TerraKit Data Connectors
Data connectors are classes which enable a user to search for data and query data from a particular data source using a common set of functions. The TerraKit Pipeline makes use of the Data Connectors, but they can also be used independently to explore and retrieve EO data.
Each data connector has the following mandatory methods:
- list_collections()
- find_data()
- get_data()
Bounding Box Constraints
All TerraKit data connectors adhere to standard geographic bounding box constraints:
Bounding boxes must be specified in the format: bbox = [West, South, East, North] = [min_lon, min_lat, max_lon, max_lat]
The following constraints are enforced:
- Longitude (West/East):
-180 <= west < east <= 180 - Latitude (South/North):
-90 <= south < north <= 90
These constraints ensure:
- Valid geographic coordinates within Earth's coordinate system
- Proper ordering (minimum < maximum for both longitude and latitude)
- Consistency across all data connectors regardless of the underlying data source
Example of a valid bounding box:
# Valid: London area
bbox = [-0.5, 51.3, 0.3, 51.7] # [West, South, East, North]
# Valid: Global extent
bbox = [-180, -90, 180, 90]
# Invalid: West >= East
bbox = [0.3, 51.3, -0.5, 51.7] # ❌ West (0.3) must be < East (-0.5)
# Invalid: Longitude out of range
bbox = [-200, 51.3, 0.3, 51.7] # ❌ West (-200) outside valid range [-180, 180]
# Invalid: South >= North
bbox = [-0.5, 51.7, 0.3, 51.3] # ❌ South (51.7) must be < North (51.3)
Note: For regions crossing the antimeridian (180°/-180° longitude), split the query into two separate bounding boxes or use data connector-specific handling if available.

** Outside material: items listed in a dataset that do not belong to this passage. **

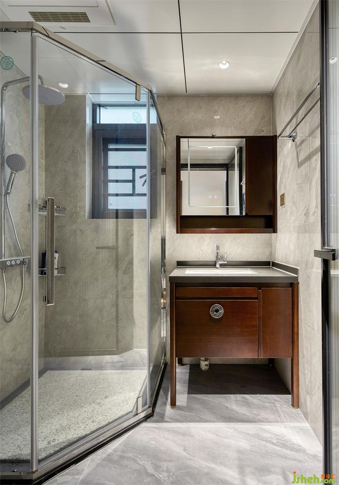 新化別墅裝飾設(shè)計師以利用空間,將開放式的廚房餐廳和客廳在視覺上面融為了一體,彰顯新中式有時尚之風(fēng)又不失高雅古韻之感。
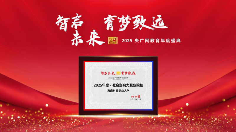 2025年12月26日,央广网2024“声彻中国”教育年度盛典在北京举行,海南科技职业大学荣膺“2025年度·职教榜样品牌”“2025年度·社会影响力职业院校”。海南科技职业大学党委宣传部部长叶霖嘉参会。
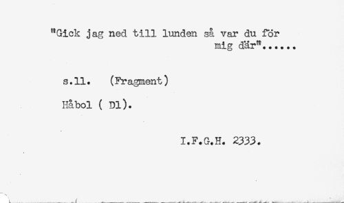 //// "Gick jag ned till lunden så var du för //// mig där^...... //// s.ll. (Fragment) //// Håbol (Dl). //// I.F.G.H. 2333. ////
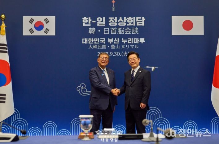 정안뉴스 안정주 기자 | 이재명 대통령은 9월 30일 '이시바 시게루(石破 茂)' 일본 총리와 부산에서 한일 정상회담을 가졌다. 양 정상은 한일 간 실질 협력 강화 방안과 지역 및 글로벌 차원에서의 협력 필요성에 대해 폭넓고 심도 깊은 의견을 교환했다.
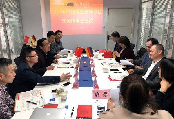 3月7日,2019年中德校企合作联盟常务理事会议在德国石荷州经济技术促进中心杭州办事处召开,联盟副理事长、申搏副校长郑友取主持会议。
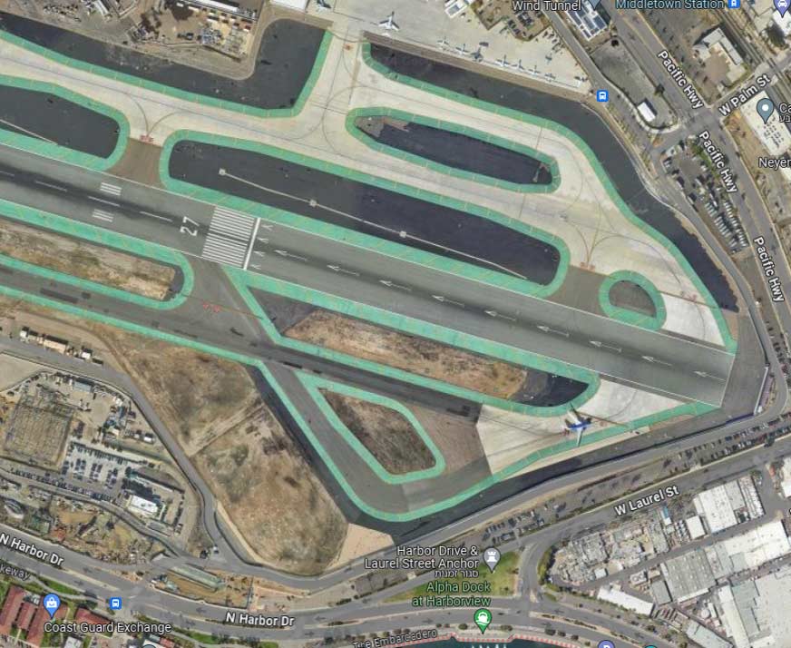 עד כאן עיקרי המסקנות. להלן תצלום של אזור תחילת מסלול 27, בסאן דייגו:
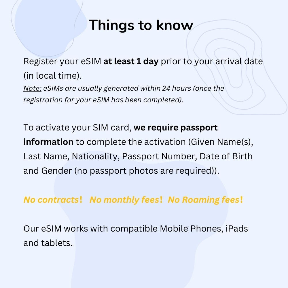- Do not delete your eSIM profile — it cannot be reinstated or refunded.
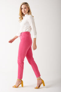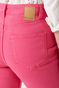 New in from Pieces are these high rise mom jeans. Comfort stretch is a soft, stretchy, and comfortable woven fabric with a smooth surface. Style these trendy jeans up or down for a cute and comfy look.

Available data connectors and collections
The following data connectors and associated collections are available:
| Connectors | Collections |
|---|---|
| sentinelhub | s2_l1c, dem, s1_grd, hls_l30, s2_l2a, hls_s30 |
| nasa_earthdata | HLSL30_2.0, HLSS30_2.0 |
| sentinel_aws | sentinel-2-l2a |
| climate_data_store | derived-era5-single-levels-daily-statistics, projections-cordex-domains-single-levels |
| IBMResearchSTAC | 'HLSS30', 'esa-sentinel-2A-msil1c', 'HLS_S30',, 'atmospheric-weather-era5', 'deforestation-umd', 'Radar-10min', 'tasmax-rcp85-land-cpm-uk-2.2km', 'vector-osm-power', 'ukcp18-land-cpm-uk-2.2km', 'treecovermaps-eudr', 'ch4' + more |
| TheWeatherCompany | weathercompany-daily-forecast |
Data connector access
Each data connector has a different access requirements. For example, connecting to SentinelHub and NASA EarthData, you will need to obtain credentials from each provider. Once these have been obtained, they can be added to a .env file at the root directory level using the following syntax:
SH_CLIENT_ID="<SentinelHub Client ID>"
SH_CLIENT_SECRET="<SentinelHub Client Secret>"
NASA_EARTH_BEARER_TOKEN="<NASA EarthData Bearer Token>"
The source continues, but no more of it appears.